The Born-Haber cycle for KCl is evaluated with the following data:
$$\Delta_f H^{\ominus}$$ for KCl = $$-436.7$$ kJ mol$$^{-1}$$; $$\Delta_{sub} H^{\ominus}$$ for K = 89.2 kJ mol$$^{-1}$$;
$$\Delta_{ionization} H^{\ominus}$$ for K = 419.0 kJ mol$$^{-1}$$; $$\Delta_{electron gain} H^{\ominus}$$ for Cl$$_{(g)}$$ = $$-348.6$$ kJ mol$$^{-1}$$
$$\Delta_{bond} H^{\ominus}$$ for Cl$$_2$$ = 243.0 kJ mol$$^{-1}$$
The magnitude of lattice enthalpy of KCl in kJ mol$$^{-1}$$ is _________ (Nearest integer)


Correct Answer: 718

We begin with the Born-Haber cycle, which relates the standard enthalpy of formation of an ionic crystal to several simpler enthalpy changes. For potassium chloride, the cycle can be written symbolically as

$$\Delta_fH^\theta(\text{KCl}_{(s)}) \;=\; \Delta_{sub}H^\theta(\text{K}_{(s)}) \;+\; \Delta_{ion}H^\theta(\text{K}_{(g)}) \;+\; \frac12\,\Delta_{bond}H^\theta(\text{Cl}_2) \;+\; \Delta_{eg}H^\theta(\text{Cl}_{(g)}) \;+\; \Delta_{latt}H^\theta(\text{KCl})$$

where

• $$\Delta_{sub}H^\theta$$ is the enthalpy of sublimation of K.
• $$\Delta_{ion}H^\theta$$ is the first-ionization enthalpy of K.
• $$\frac12\,\Delta_{bond}H^\theta$$ is half the bond dissociation enthalpy of Cl2, because only one chlorine atom is required.
• $$\Delta_{eg}H^\theta$$ is the electron-gain (electron affinity) enthalpy of Cl(g).

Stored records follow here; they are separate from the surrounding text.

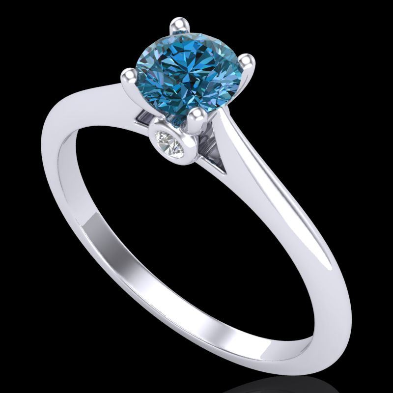 REF-81W8F -38188 ---- 0.56 CTW Fancy Intense Blue Diamond Solitaire Art Deco Ring 18K White Gold ---- Luxury Designer Brand Ring Appraised at $4,950 Certificate Number US38188 18k White gold, Ring Size is 7, Ring measuring approx. Uniform, weighing in total approx. 2.6 grams. Made in the USA and is stamped 18k, Main stone 0.5 carat total weight containing 1 pieces of Intense Fancy Blue color with SI quality Round shape cut Diamond , Stone #2 0.06 carat total weight containing 2 pieces of H-I color with VS/SI quality Round shape cut Diamond
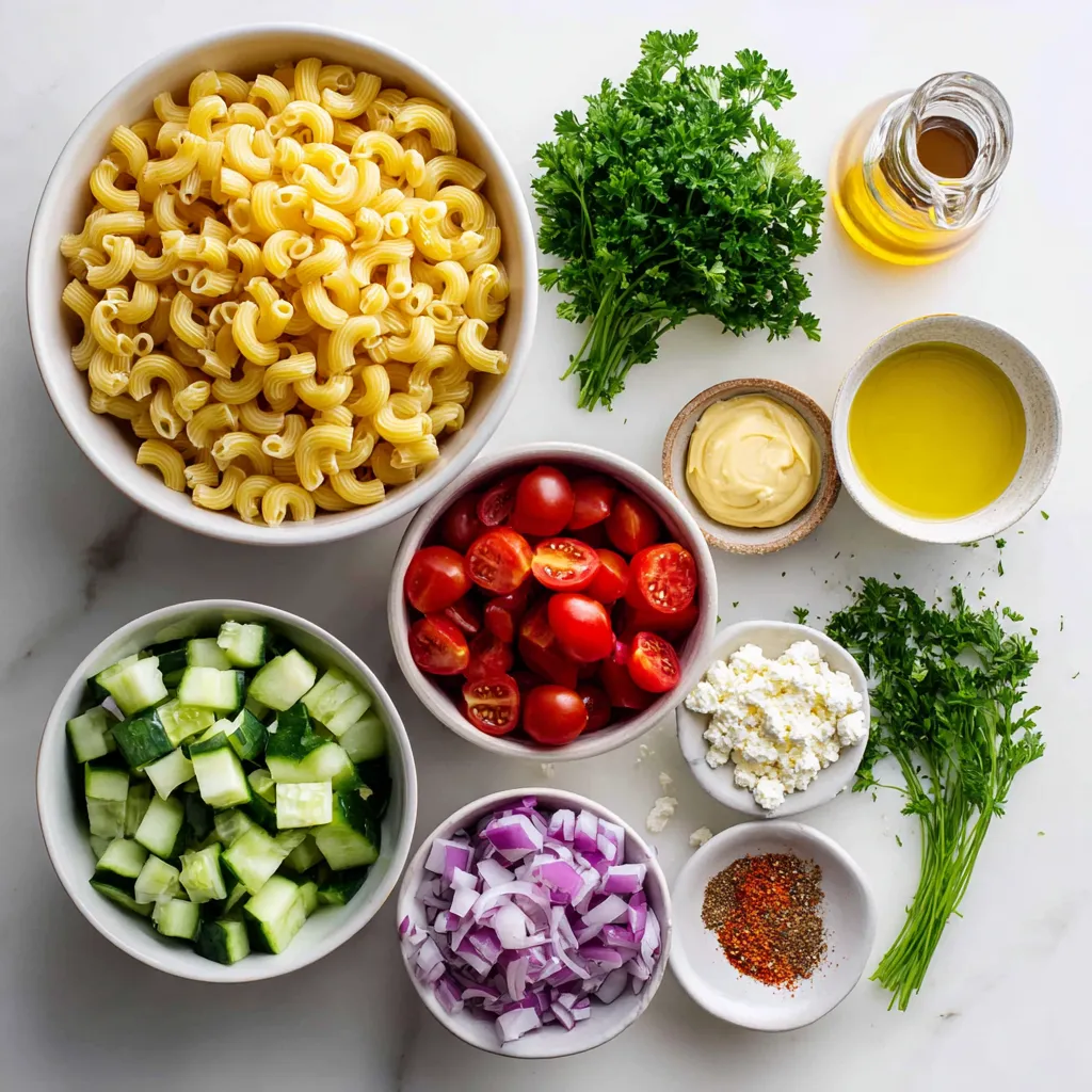 Um diesen leckeren Makkaroni-Salat zu machen, brauchen wir einige einfache Zutaten. Hier sind die Hauptzutaten:
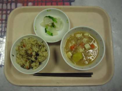きのこごはんには、しめじ、えのきだけが入っています。きのこは、たくさんの種類があります。世界中では、1万種類といわれていますが、そのうち食べられるきのこは、100〜300種類です。
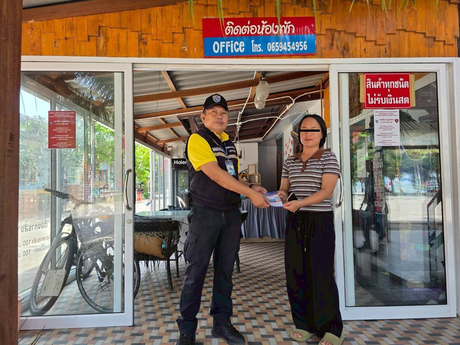 วันที่ 22 ต.ค.68 เวลา 13.00 น. ร.ต.ต.อรุณ พรหมทองรอง สว.(อก.) ตม.จว.สุราษฎร์ธานี พร้อมเจ้าหน้าที่ชุด

It is exothermic and therefore given as a negative value.
• $$\Delta_{latt}H^\theta$$ is the lattice enthalpy of KCl, the quantity we need. By convention, the formation of the lattice from gaseous ions releases energy, so this term will be negative; its magnitude is asked for in the question.

We now insert all the numerical data supplied:

$$\Delta_fH^\theta = -436.7\ \text{kJ mol}^{-1}$$

$$\Delta_{sub}H^\theta = 89.2\ \text{kJ mol}^{-1}$$

$$\Delta_{ion}H^\theta = 419.0\ \text{kJ mol}^{-1}$$

$$\Delta_{eg}H^\theta = -348.6\ \text{kJ mol}^{-1}$$

$$\Delta_{bond}H^\theta(\text{Cl}_2) = 243.0\ \text{kJ mol}^{-1}$$ so that $$\frac12\,\Delta_{bond}H^\theta = \frac{243.0}{2} = 121.5\ \text{kJ mol}^{-1}$$

Substituting every value into the Born-Haber equation, we have

$$-436.7 \;=\; 89.2 \;+\; 419.0 \;+\; 121.5 \;+\; (-348.6) \;+\; \Delta_{latt}H^\theta$$

Now we gather the known numerical terms step by step.

First add the sublimation and ionization enthalpies:

$$89.2 + 419.0 = 508.2$$

Next add the half bond enthalpy for chlorine:

$$508.2 + 121.5 = 629.7$$

Now include the electron-gain enthalpy (remember, it is negative):

$$629.7 + (-348.6) = 629.7 - 348.6 = 281.1$$

Thus the equation becomes

$$-436.7 = 281.1 + \Delta_{latt}H^\theta$$

We isolate the lattice enthalpy term by subtracting 281.1 from both sides:

$$\Delta_{latt}H^\theta = -436.7 - 281.1 = -717.8\ \text{kJ mol}^{-1}$$

The negative sign shows that energy is released when the crystal lattice forms. The problem asks for the magnitude (absolute value) of this lattice enthalpy, so we quote

$$|\Delta_{latt}H^\theta| \approx 718\ \text{kJ mol}^{-1}$$

So, the answer is $$718$$.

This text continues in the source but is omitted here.